Most pharmaceutical companies today handle facility commissioning and validation separately. A new approach to engineering projects, Outcome CV, developed by the engineering firm Syska Hennessy Group (New York) and BioMetics, Inc. (Waltham, Mass.) integrates the two processes in an approach that, Outcome CV's developers say, can eliminates costly delays. The problem with the conventional model, they say, is that commissioning typically occurs after construction and before validation. Since the commissioning process starts before validation, it doesn't support it.
Developers began to work on the Outcome CV methodology, which was formally launched at the Interphex conference in New York in March, after noticing recurring patterns in commissioning and validation problems. At one East Coast pharmaceutical manufacturing facility, for example, validation costs budgeted at $800,000 actually reached $2.4 million, and requiring an extension of 20 months. For the manufacturer, these translated into $16 million in lost drug revenues and nearly two years lost on the patent expiration clock.
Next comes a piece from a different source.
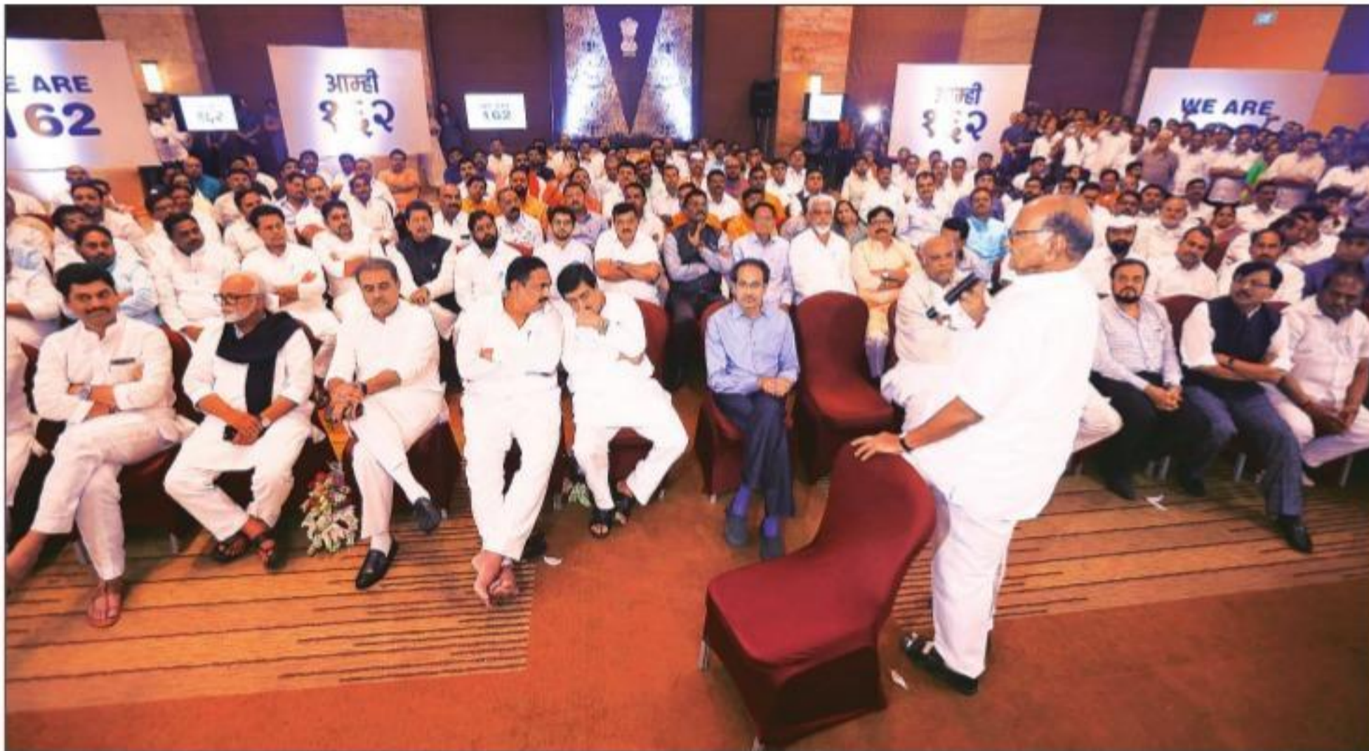
Shiv Sena, NCP and Congress leaders with their MLAs at the Grand Hyatt Hotel in Mumbai on Monday.

Outcome CV dictates that validation be considered as early as possible in the planning stage, and involve members from different functional silos, Syska Hennessy principal Paul Liesman says. The integrated commissioning and validation process then continues during the design phase, when commissioning/validation plan and protocols are developed along with drawings and specifications. The integrated process then continues during construction, Liesman says, ensuring a link between design operation and utilities and process to production, and during operation and maintenance turnover, when final documents are turned over to the owner and standard operating procedures and training programs are developed. Liesman says the new integrated process is expected to speed validation and eliminate the 20-25% error rate found in facility systems.